Landscape Archaeology: Branch of archaeology that aims at the historical reconstruction of settlement dynamics and settlement patterns, resources exploitation modalities and ecological transformation in the course of time, and traces sequences of interactions between human occupation and environmental phenomena.

DEM/DTM: Digital elevation and digital terrain models of the earth surface, that take into account not only the topographic height of the terrain (normally expressed in meters above sea level) but also any variation over the land surface. Most of DEM and DTM are produced extracting and processing the contour and height information in topographical maps and aerial photography, but any measurable landform and any physical characteristic of a landscape can be elaborated in a DTM (e.g., pottery distributions or land-division elements).

Cultural Resource Management (CRM): The entire set of operations involved in investigating, recording, handling and protecting the Cultural Heritage by a series of institutions, agencies, associations, administrators and individuals. CRM is nowadays intended in a wider meaning, as it includes not only artifacts and monumental structures but also all the traces that the past has left in and around the human habitat.

GIS: A geographic information system or geographical information system (GIS) is, in the strictest sense, a computer-based technology for acquisition, storage, integration, manipulation and analysis of spatial data and associated attributes. In a more generic sense, GIS is not only a system that presents information about geographic space, but mostly a tool that allows users to create interactive queries (user created searches), analyze the spatial information, and edit data.

GPS: The global positioning system (GPS) is a worldwide radio-navigation system formed from a constellation of 24 orbiting satellites (US Department of Defense) and their ground stations. GPS receivers, nowadays sufficiently reliable, easily transportable and reasonably priced, exchange radio signals with the satellites that are orbiting above the area concerned, and estimate the coordinates position whose accuracy varies of the orders of meters or even centimeters.

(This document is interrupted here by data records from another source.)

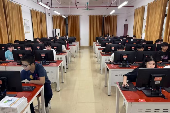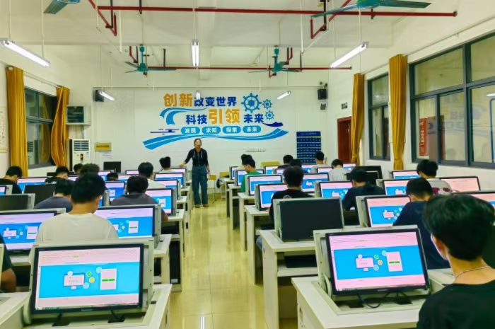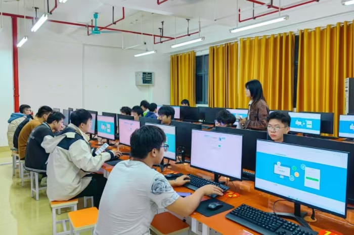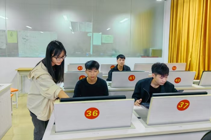 學生工(gōng)作科老師指(zhǐ)導學(xué)生登錄(lù)係統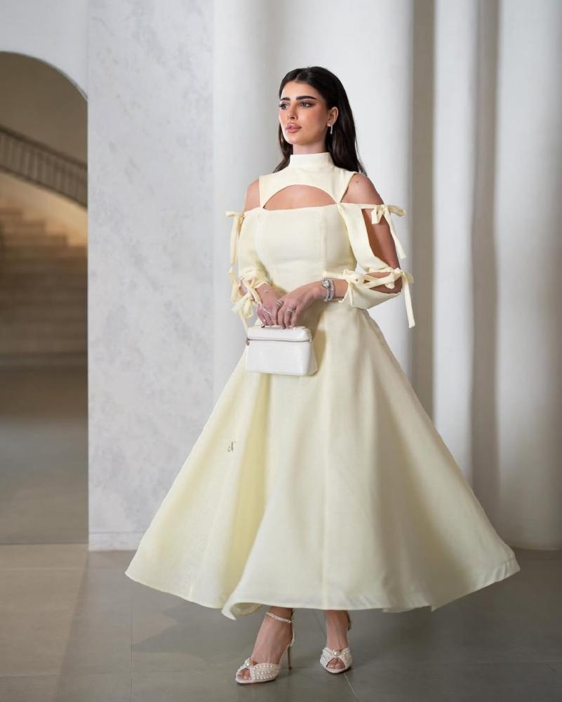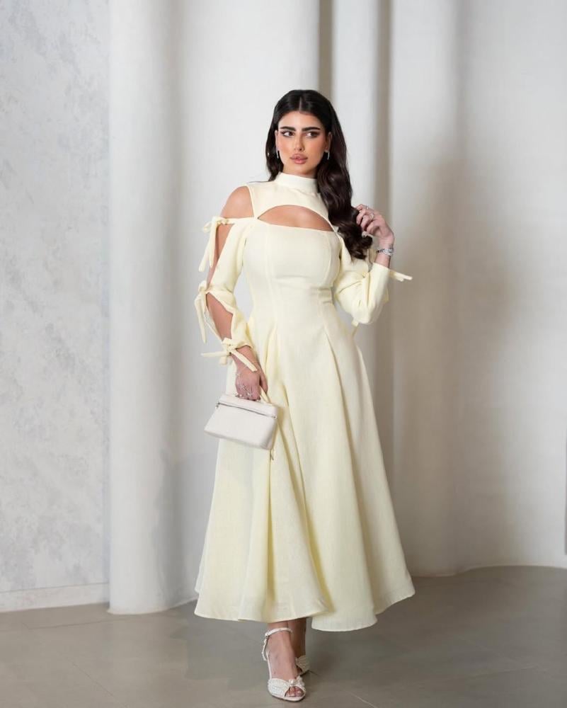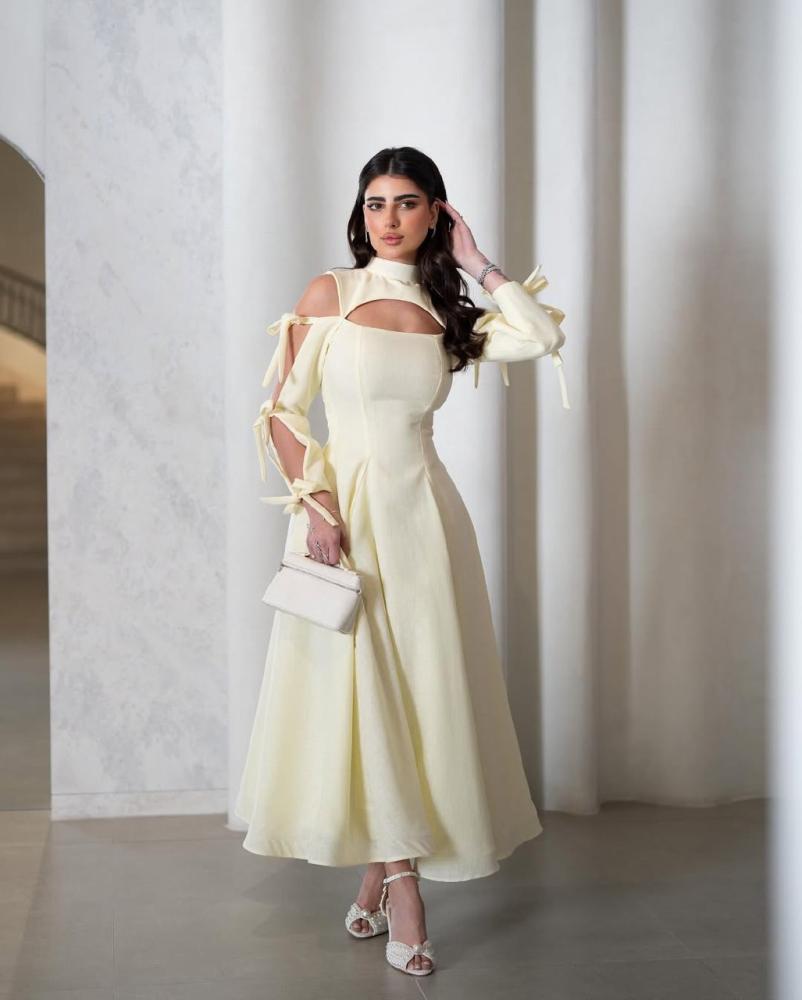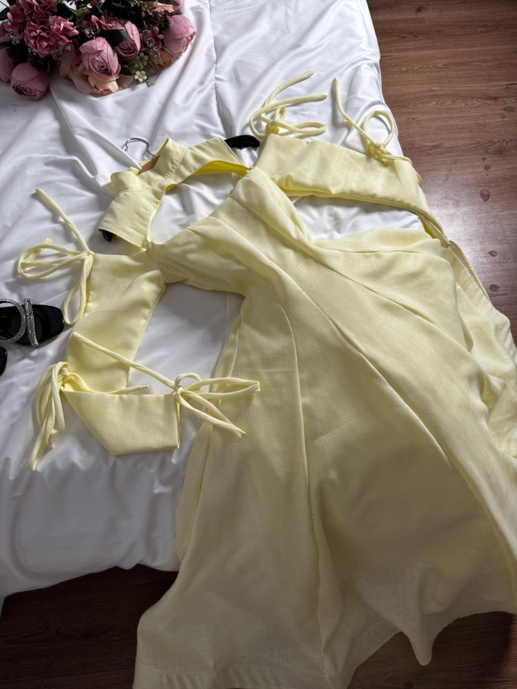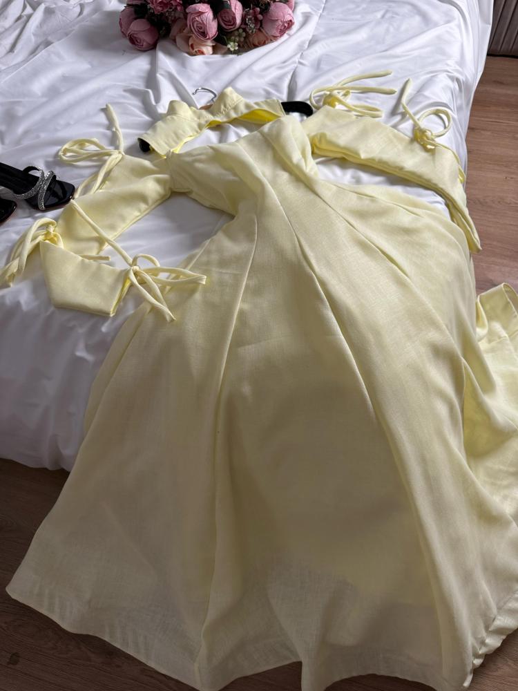 تألقي بإطلالة راقية في العيد مع هذا الفستان الساحر بلونه الليموني الناعم وتصميمه الفريد. يتميز بقصة أنيقة بقماش اللينين الخفيف والمريح، مع تفاصيل عصرية مثل الأكمام المكشوفة والمربوطة بأشرطة رقيقة لإضافة لمسة أنثوية ناعمة. التصميم مزود بفتحة أنيقة في منطقة الصدر، وياقة مرتفعة لمظهر عصري فاخر. التنورة الواسعة تمنحك حرية الحركة وإحساسًا بالراحة، مما يجعله خيارًا مثاليًا للمناسبات الخاصة.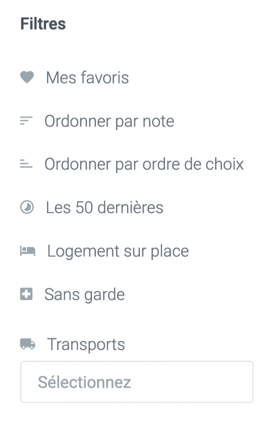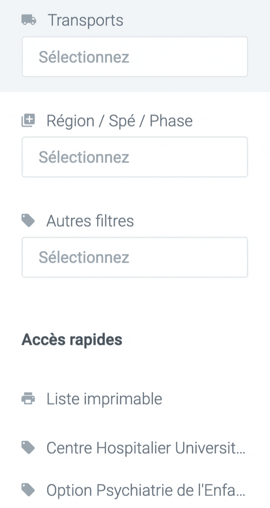 Pour trouver le stage qui vous intéresse, nous avons conçu un système de filtre multicritères très puissant : type de structure, agréments, spécialité, moyen de transport, formation disponible, etc. Il existe des centaines de critères pour que chaque interne y trouve son compte.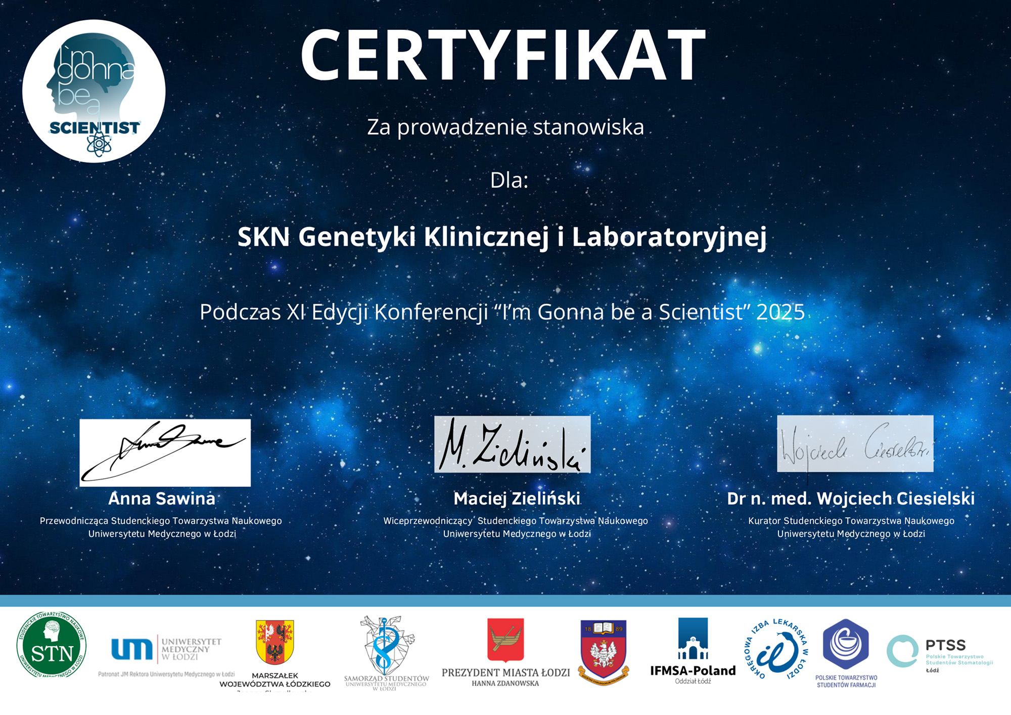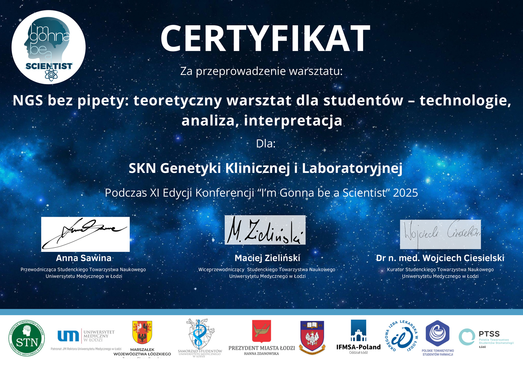 Miło nam poinformować, iż nasze Koło naukowe SKN Genetyki Klinicznej i Laboratoryjnej prowadziło stanowisko podczas XI Edycji Konferencji „I’m Gonna Be a Scientist” 2025. Dodatkowo podczas wydarzenia, członkowie Koła, przeprowadzili warsztat: NGS bez pipety: teoretyczny warsztat dla studentów – technologie, analiza, interpretacja. Dziękujemy wszystkim uczestnikom za udział!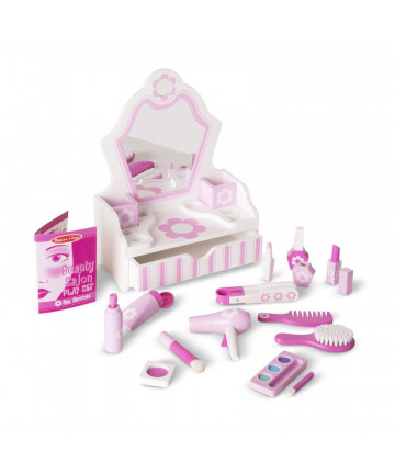 Add glamour and style to playtime with these wooden beauty essentials for make-believe makeovers! The 18-piece set includes a sturdy white and pink... Add to cart Melissa & Doug Beauty Salon Play Set $64.99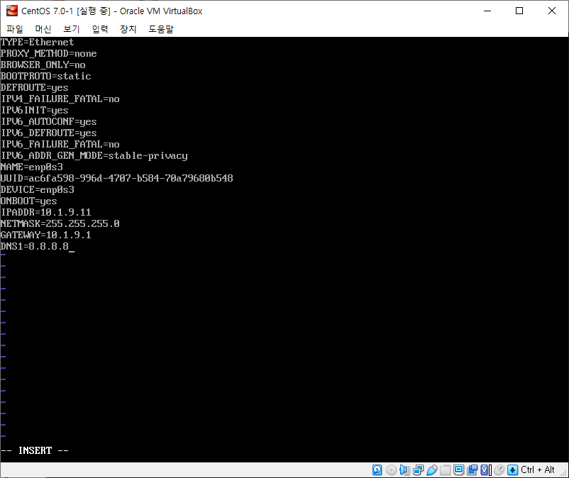 IPADDR=10.1.9.11 --> 사용중이지 않은 IP
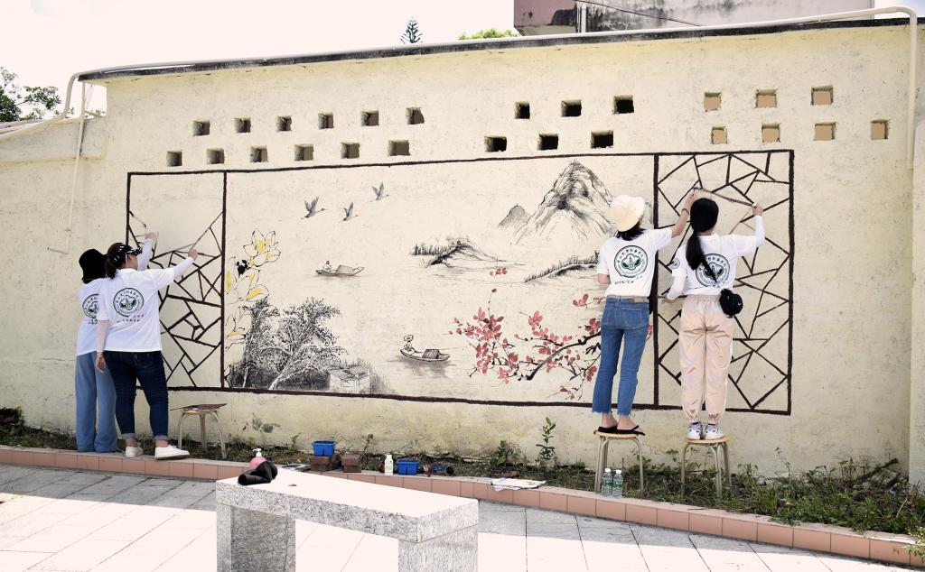 暑期三下乡社会实践队绘制山水画 图/学校提供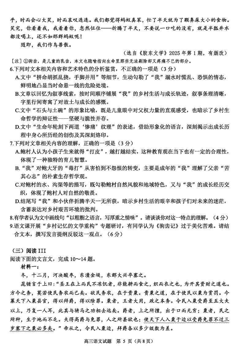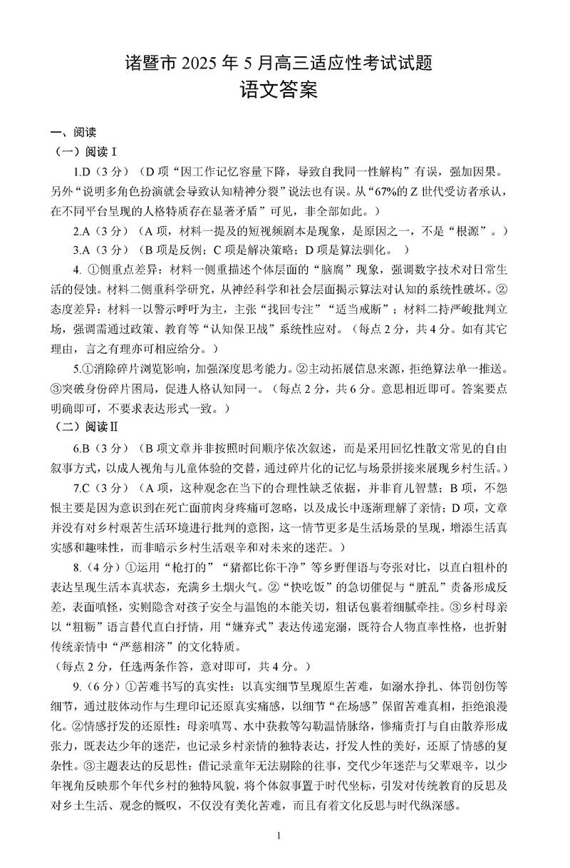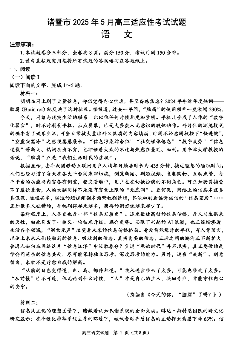 浙江诸暨2025年5月高三适应性考语文试题及答案 时间:2025-05-15 浙江 语文试题 浙江诸暨2025年5月高三适应性考语文考试已于近日开考,为方便考生考后及时查看考试情况,查漏补缺、弥补不足,本文整理了试题答案解析相关信息! 汇总:浙江诸暨2025年5月高三适应性考试试题及答案汇总 语文试题及答案解析
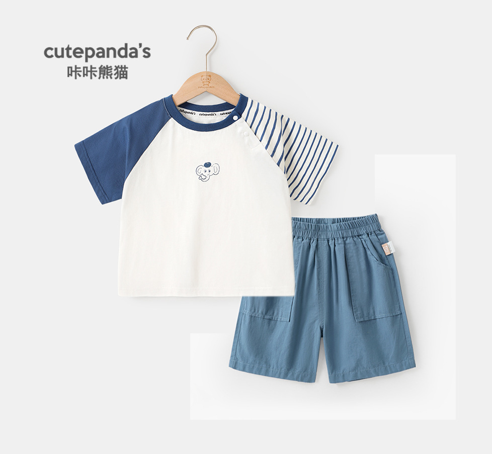 카카 팬더 보이즈 반팔 티셔츠 걸스 여름 착용 어린이 여름 캐주얼 반팔 반바지 세트 아기 아동복스토어 가기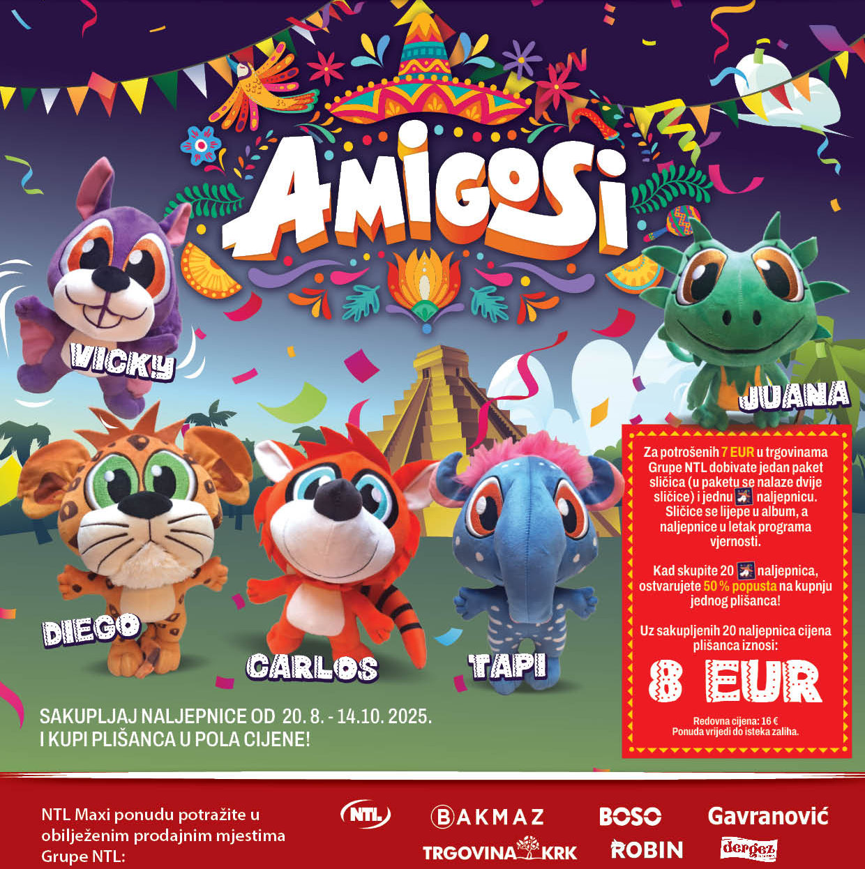 • Uz sakupljenih 20 naljepnica cijena jednog plišanca iznosi 8 EUR

Survey and Sampling: archaeological practice aiming at systematically recording archaeological sites and elements that are still perceptible on the terrain, under the form of still visible structural remains, earthworks or scattered artifacts. Survey is a fundamental investigative method of Landscape Archaeology, aiming to collect data about ancient settlement distribution and to locate unknown archaeological sites and features without recourse to excavation. Given the usual extension of the area to cover, only few sectors of it could be sampled or selected by means of random choice or a complex statistical analysis.

CAD (Computer Aided/Assisted Design/Drawing): Vector-based software that assembles data consisting in points, lines, volumes and instructions. Images (plans, maps, drawings, axonometric views, etc.) are built within a referencing coordinates system and data are usually displayed in layers. That permits rotation, inversion, panning, zooming and navigation thought the structures. As since the late 1980’s CAD has developed three-dimension functionalities, the mark-line between Computer Design and other three-dimensional modeling programs has started to blur.